▶ Data to examine
··········

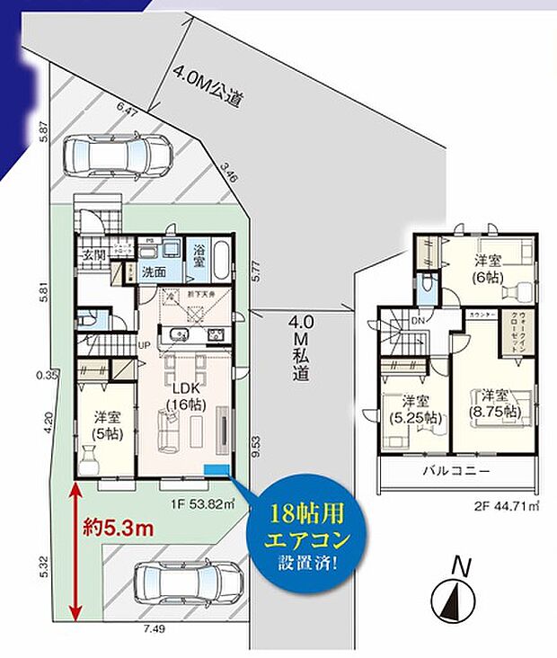 間取り内訳:リビングダイニングキッチン 16帖(1階)・洋室 5帖(1階)・洋室 5.2帖(2階)・洋室 6帖(2階)・洋室 8.7帖(2階)
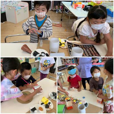今日はパン屋さんやお寿司屋さんを作りたいとお店屋さんごっこが始まりました
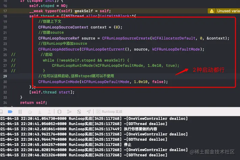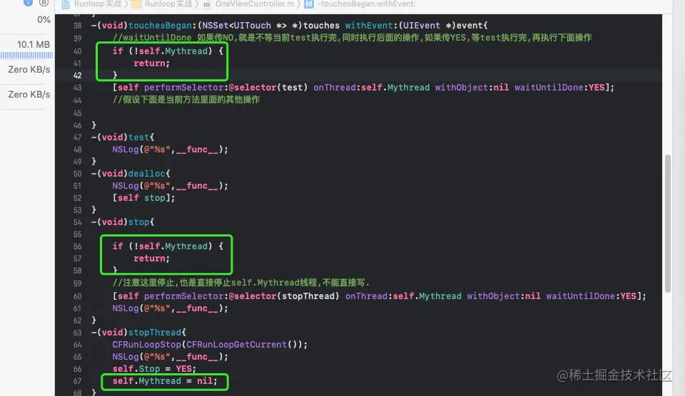 原因很简单:点击停止已经调用了stop,RunLoop已经结束了,它已经不能做事情了,只是没有销毁.你返回的时候dealloc又调用了stop,又让它去工作,肯定会出问题的.所以我们只要加一个判断即可:
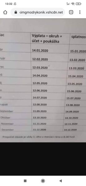 PNky v NO budu vyplacane v pondelok a pridavky a rodicaky v Utorok az Streda
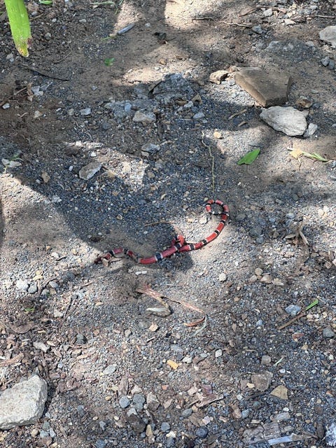 We also had an encounter with a coral snake on Saturday.
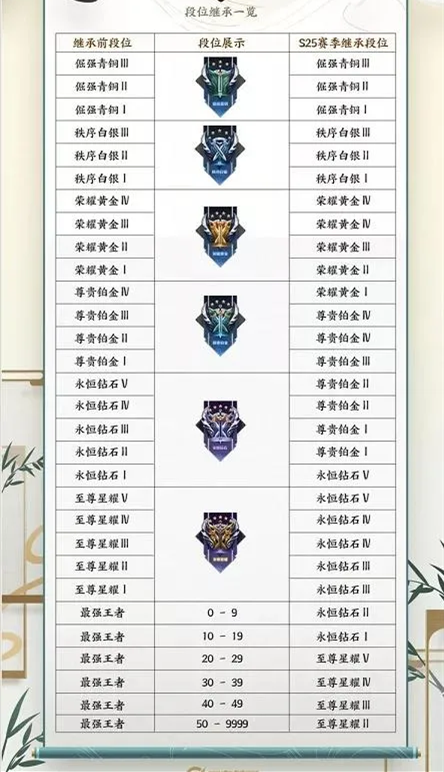 由于新增了两个段位,所以在S27赛季开启之时,段位继承规则将有小改动,而当前赛季的继承规则和原来一样,如下图:
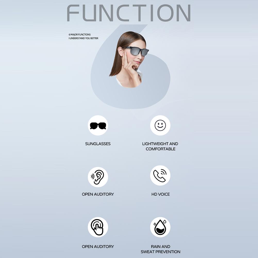 AI Intelligent Translation Glasses Bluetooth-Compatible 5.4 Wireless Sunglasses Built-in Microphone Speakers Sports Driving Sunglasses Support 144 Languages Wireless Headphones for Men and Women Feature: 1.Real-Time Translation in 144 Languages: Experience seamless communication with support for 144 languages, achieving a remarkable 99% accuracy rate. Be it for sports driving sunglasses or any other activity, exchange words with confidence across global regions. 2.Bluetooth-Compatible 5.4 Technology: Featuring bluetooth-compatible 5.4, enjoy smooth audio streaming. Smartly integrates for iPhone and for Android devices as smart glasses, ensuring fast and stable connections without interruptions. 3.High-Definition Calls: Equipped with HD microphone and speakers, these earphone glasses provide clarity in calls, enhancing your communication experience. Effortlessly manage calls and music via built-in mic and headphones without extra gadgets. 4.Blue Light Eye Protection: Incorporating blue light filtering, these wireless sunglasses reduce eye strain from prolonged device use. Designed for comfort with a lightweight frame, making them ideal for daily wear. 5.Versatile Use: for music, calls, gaming, TV, home office, or outdoor activities, these wireless headphones adapt to various scenarios. Let these multifunctional glasses be your smart life and work assistant.
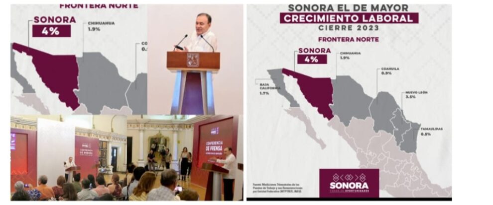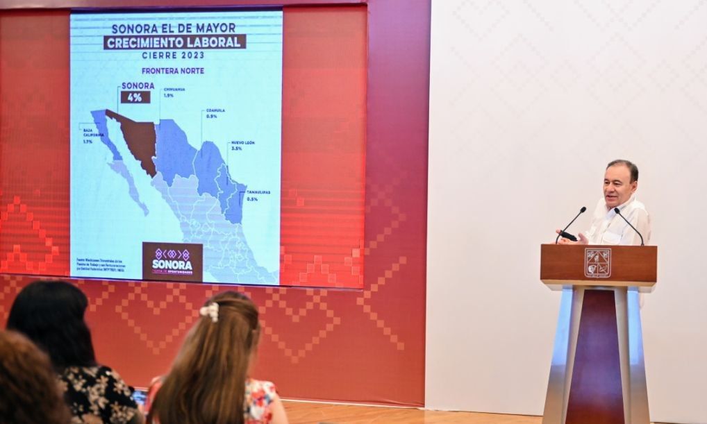 HERMOSILLO, SONORA 4 DE JUNIO DE 2024.- Sonora destaca como el estado líder de la frontera norte del país con mayor crecimiento laboral al cierre del 2023, al registrar un incremento del cuatro por ciento en los puestos de trabajo ocupados en la entidad, indicó el gobernador Alfonso Durazo Montaño.
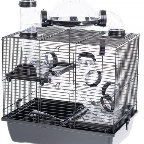 Giv din lille ven et trygt og indbydende hjem med INTER-ZOO Bob + Wood. Buret er velegnet til hamster og andre små gnavere og leveres med praktisk udstyr, så du hurtigt kommer i gang: løbehjul, hus, skål og ekstra gulv i træ, der skaber et hyggeligt niveau til leg og hvile. Den beige bund passer diskret ind i hjemmet.
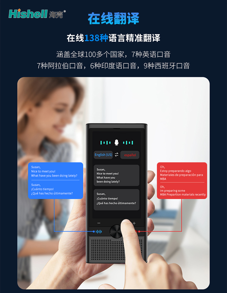 针对多口音识别难题,产品做了专项优化,可精准识别7种英语口音、7种阿拉伯口音、6种印度语口音及9种西班牙口音,有效规避口音差异导致的翻译偏差,还原最真实的表达意图。依托先进的语音识别与神经网络翻译技术,翻译响应迅速、语义精准,兼顾专业性与自然度,摆脱机械翻译的生硬感。
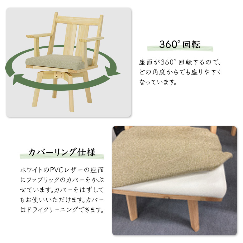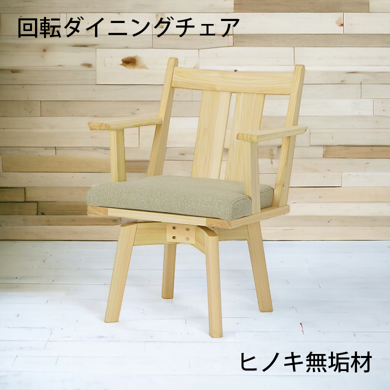 ダイニングチェア 食卓椅子 肘掛け付き 1脚入り 単品 回転式 チェアー イス いす 木製 無垢 天然木 ひのき ヒノキ 檜
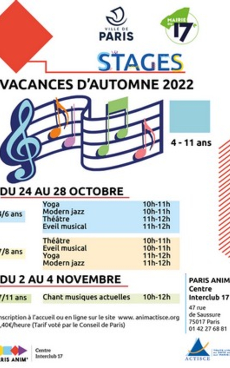 Stages enfants durant les vacances d'automne
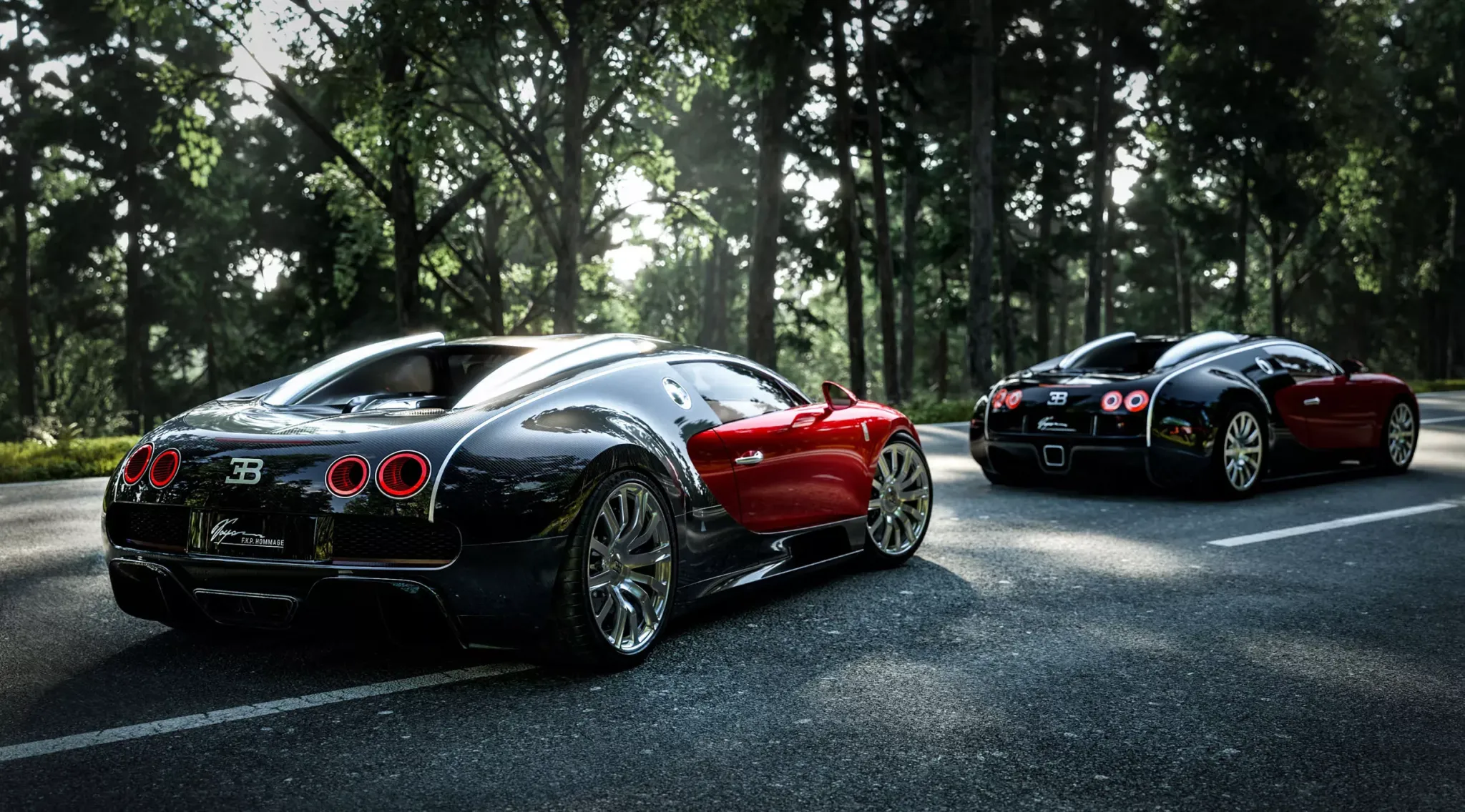 Отдельный акцент сделан на окраске. Красно-чёрная гамма отсылает к концепту Veyron 2003 года, но выполнена с использованием современной технологии: красный слой нанесён поверх серебристой основы ради глубины и «живого» оттенка, а чёрная зона — это открытое углеволокно с тонированным прозрачным покрытием. На солнце такой подход работает иначе, чем обычная двухцветная эмаль: оттенок меняется в зависимости от угла и освещения, а структура материала остаётся частью образа. Колёса стали крупнее, а шины — современными Michelin, что подчёркивает: проект создан не только для витрины, а как полноценный дорожный автомобиль.

··········

▶ Exercise brief
Please, without any pictures, retype the records exactly as they appear.

▶ Your response
 間取り内訳:リビングダイニングキッチン 16帖(1階)・洋室 5帖(1階)・洋室 5.2帖(2階)・洋室 6帖(2階)・洋室 8.7帖(2階)
今日はパン屋さんやお寿司屋さんを作りたいとお店屋さんごっこが始まりました
 原因很简单:点击停止已经调用了stop,RunLoop已经结束了,它已经不能做事情了,只是没有销毁.你返回的时候dealloc又调用了stop,又让它去工作,肯定会出问题的.所以我们只要加一个判断即可:
 PNky v NO budu vyplacane v pondelok a pridavky a rodicaky v Utorok az Streda
 We also had an encounter with a coral snake on Saturday.
 由于新增了两个段位,所以在S27赛季开启之时,段位继承规则将有小改动,而当前赛季的继承规则和原来一样,如下图:
 AI Intelligent Translation Glasses Bluetooth-Compatible 5.4 Wireless Sunglasses Built-in Microphone Speakers Sports Driving Sunglasses Support 144 Languages Wireless Headphones for Men and Women Feature: 1.Real-Time Translation in 144 Languages: Experience seamless communication with support for 144 languages, achieving a remarkable 99% accuracy rate. Be it for sports driving sunglasses or any other activity, exchange words with confidence across global regions. 2.Bluetooth-Compatible 5.4 Technology: Featuring bluetooth-compatible 5.4, enjoy smooth audio streaming. Smartly integrates for iPhone and for Android devices as smart glasses, ensuring fast and stable connections without interruptions. 3.High-Definition Calls: Equipped with HD microphone and speakers, these earphone glasses provide clarity in calls, enhancing your communication experience. Effortlessly manage calls and music via built-in mic and headphones without extra gadgets. 4.Blue Light Eye Protection: Incorporating blue light filtering, these wireless sunglasses reduce eye strain from prolonged device use. Designed for comfort with a lightweight frame, making them ideal for daily wear. 5.Versatile Use: for music, calls, gaming, TV, home office, or outdoor activities, these wireless headphones adapt to various scenarios. Let these multifunctional glasses be your smart life and work assistant.
 HERMOSILLO, SONORA 4 DE JUNIO DE 2024.- Sonora destaca como el estado líder de la frontera norte del país con mayor crecimiento laboral al cierre del 2023, al registrar un incremento del cuatro por ciento en los puestos de trabajo ocupados en la entidad, indicó el gobernador Alfonso Durazo Montaño.
 Giv din lille ven et trygt og indbydende hjem med INTER-ZOO Bob + Wood. Buret er velegnet til hamster og andre små gnavere og leveres med praktisk udstyr, så du hurtigt kommer i gang: løbehjul, hus, skål og ekstra gulv i træ, der skaber et hyggeligt niveau til leg og hvile. Den beige bund passer diskret ind i hjemmet.
 针对多口音识别难题,产品做了专项优化,可精准识别7种英语口音、7种阿拉伯口音、6种印度语口音及9种西班牙口音,有效规避口音差异导致的翻译偏差,还原最真实的表达意图。依托先进的语音识别与神经网络翻译技术,翻译响应迅速、语义精准,兼顾专业性与自然度,摆脱机械翻译的生硬感。
 ダイニングチェア 食卓椅子 肘掛け付き 1脚入り 単品 回転式 チェアー イス いす 木製 無垢 天然木 ひのき ヒノキ 檜
 Stages enfants durant les vacances d'automne
 Отдельный акцент сделан на окраске. Красно-чёрная гамма отсылает к концепту Veyron 2003 года, но выполнена с использованием современной технологии: красный слой нанесён поверх серебристой основы ради глубины и «живого» оттенка, а чёрная зона — это открытое углеволокно с тонированным прозрачным покрытием. На солнце такой подход работает иначе, чем обычная двухцветная эмаль: оттенок меняется в зависимости от угла и освещения, а структура материала остаётся частью образа. Колёса стали крупнее, а шины — современными Michelin, что подчёркивает: проект создан не только для витрины, а как полноценный дорожный автомобиль.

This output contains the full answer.